Waffling? Say it isnt so.



> Gun control advocates praised the Obama administration for taking security seriously.
> 
> "Guns that can take high-capacity magazines are a threat to public safety," said Dennis Henigan of the Brady Campaign to Prevent Gun Violence. "Even though they are old, these guns could deliver a great amount of firepower. So I think the Obama administration's concerns are well-taken."


 
Uh. The M1 Garand uses 8 round "en block" clips that are breach loaded. Less rounds than can be loaded into AR15's and AK47's in states that limit magazines to 10 rounds. And those are external magazines at that.



> Asked why the M1s pose a threat, the State Department spokesman referred questions to the Bureau of Alcohol, Tobacco, Firearms and Explosives. ATF representatives said they would look into the question Monday afternoon, but on Wednesday they referred questions to the Justice Department. DOJ spokesman Dean Boyd referred questions back to the State Department.


 
What a circus that is. Maybe they can refer to the Civilian Marksmanship Program where YOU CAN STILL BUY M1's FROM THE GVT!!!

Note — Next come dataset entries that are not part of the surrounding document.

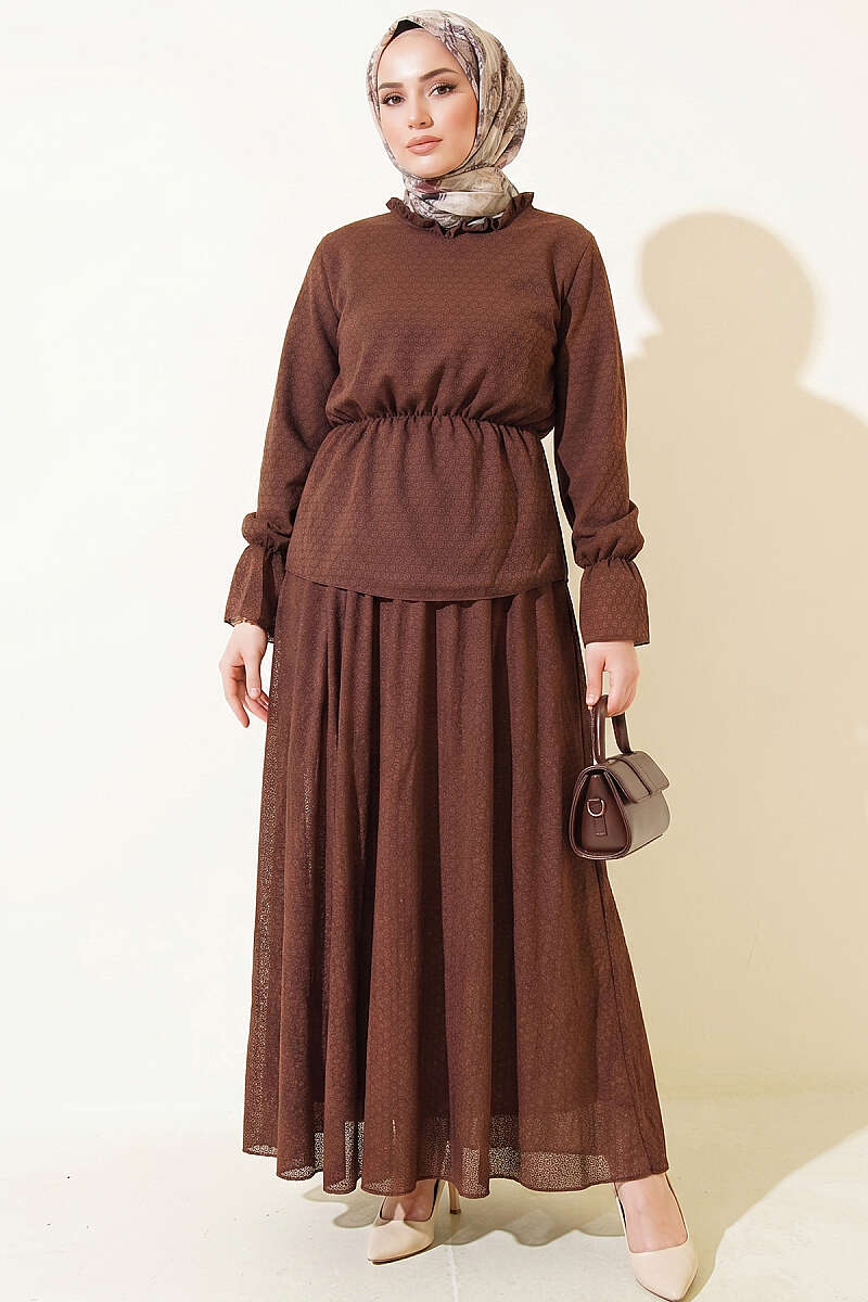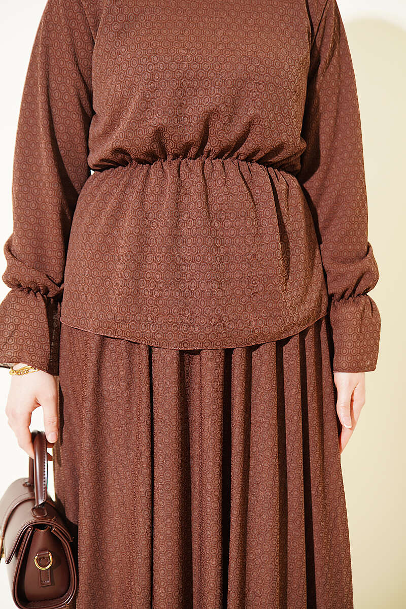 Beli Lastikli Desenli Etekli İkili Takım Kahve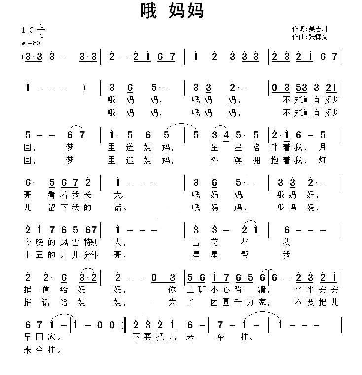 - [歌谱] 哦 妈妈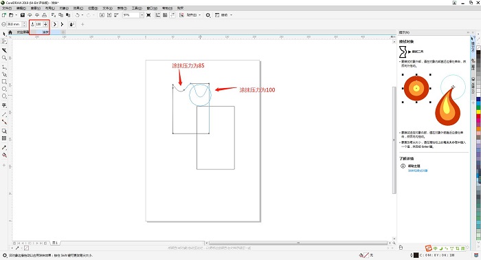 如图3所示,使用电脑的CorelDRAW平面设计软件用户可以在属性栏中调整涂抹工具的压力值大小,通过改变压力参数以达到自己想要的涂抹混色效果。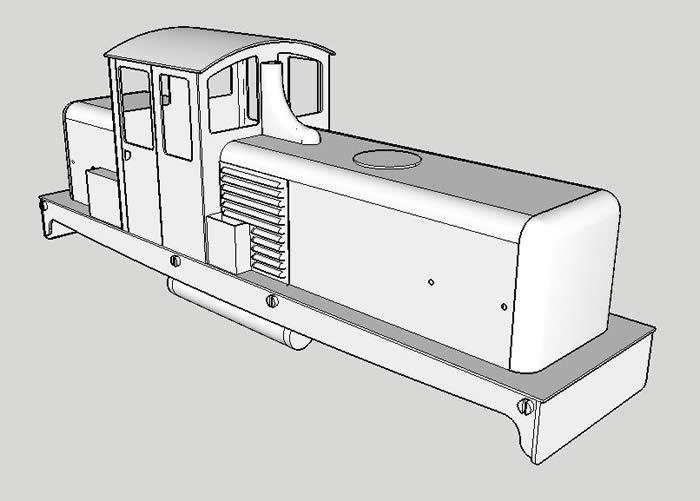At this point, several of the main components were complete, but a lot of smaller parts still needed making. The buffer beams were made from brass, filed to profile, and drilled for IP Engineering centre buffers. The cab roof was made with Andy’s help, and the side boxes were machined from steel bar on the lathe. 3D printing was used to make the exhaust, fuel tanks, louvres and control panel. All of these parts were designed using the CAD software, and in the end I had a more or less complete 3D model which I could use for reference.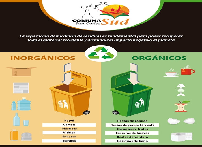 La Comuna de San Carlos Sud informa que a partir del próximo Lunes 18 del corriente, la Licenciada en Saneamiento Ambiental Verónica Zeiter va a estar visitando los diferentes domicilios de la localidad, para informar a la población sobre la importancia en la separación de los residuos domiciliarios y la manera correcta en que debe realizarse.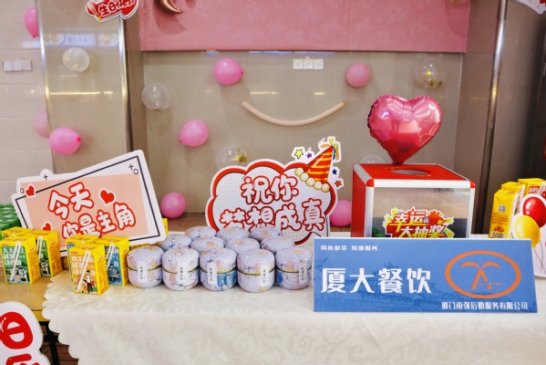 厦大餐饮人精心布置活动现场,有打卡拍照墙、“幽兰表心愿”许愿贴画,还准备了各式各样的礼品,公仔娃娃、牛奶、零食、学习用品……应有尽有。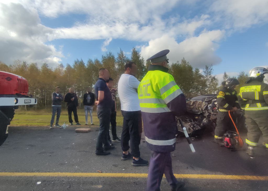 На месте аварии работают спасатели, которые готовятся использовать оборудование для резки металла. Кроме того, на месте находятся медики и сотрудники Госавтоинспекции.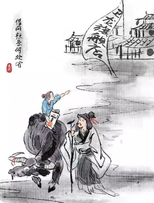 路上。行人:(欲断魂)借问酒家何处有?牧童:(遥指)杏花村。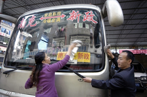 圖為發(fā)往儀隴新縣城新政的客車司機正在做發(fā)車前的準備

http://www.thecmp.org/m1garand.htm

WTF??


----------



## Archangel M (Sep 5, 2010)

http://www.washingtontimes.com/news/2010/sep/3/obamas-backdoor-gun-ban/



> It's hard to see how these M1 rifles could be considered risky when they already are offered for sale by the U.S. government through the Civilian Marksmanship Program. In fact, the federally sponsored CMP puts on summer camps that teach boys and girls how to handle the Garand properly and safely. In the past seven years, there hasn't been a single accident. Many of the participants go on to serve their country or take part in shooting sports at the collegiate and Olympic level.
> 
> It's more likely that the administration is seeking to win the admiration of gun grabbers. Mr. Obama has a history of supporting gun control as a state senator and U.S. senator, but he's been limited in his ability to implement this anti-gun agenda as president. Democratic members of Congress remember the federal assault-weapons ban as one of the lead issues motivating voters to turn Congress over to Republicans in 1994. Senators facing tight races in pro-gun states don't want to see a repeat of that midterm landslide. Therefore, the best way for Mr. Obama to appease the gun-grabbing fringe is to take actions that won't bring too much attention to what he's doing. As long as the destruction of these rifles stays under the public radar screen, he will have achieved his goal.


----------



## Carol (Sep 5, 2010)

And all the people that said "How can the PRESIDENT take away our guns?"

Here is the answer.

Great find, Arch.  :asian:


----------



## Tez3 (Sep 5, 2010)

ROFL at 'antique'


----------



## KenpoTex (Sep 5, 2010)

Is anybody really surprised by this?  Hmph...didn't think so.


----------



## Archangel M (Sep 5, 2010)

The reasoning is just so...well...moronic. The US Gvt is ALREADYselling M1's. I bet the Pres. didn't even know that fact. It has to be a political act as the Washington Times article suggests.

The little runarond through the gvt. agency talking heads who don't have an answer as to WHY is priceless. I wouldn't want to try and explain it either.


----------



## Carol (Sep 5, 2010)

Tez3 said:


> ROFL at 'antique'



Antique isn't just a term of art. That is likely how they are classified by the South Korean government.  Here in the U.S., we have designations for antique firearms as well...they are exempt from certain legislative measures, etc.  It's a bit more powerful definition than an antique plate or something like that


----------



## Bill Mattocks (Sep 5, 2010)

Archangel M said:


> The reasoning is just so...well...moronic. The US Gvt is ALREADYselling M1's. I bet the Pres. didn't even know that fact. It has to be a political act as the Washington Times article suggests.
> 
> The little runarond through the gvt. agency talking heads who don't have an answer as to WHY is priceless. I wouldn't want to try and explain it either.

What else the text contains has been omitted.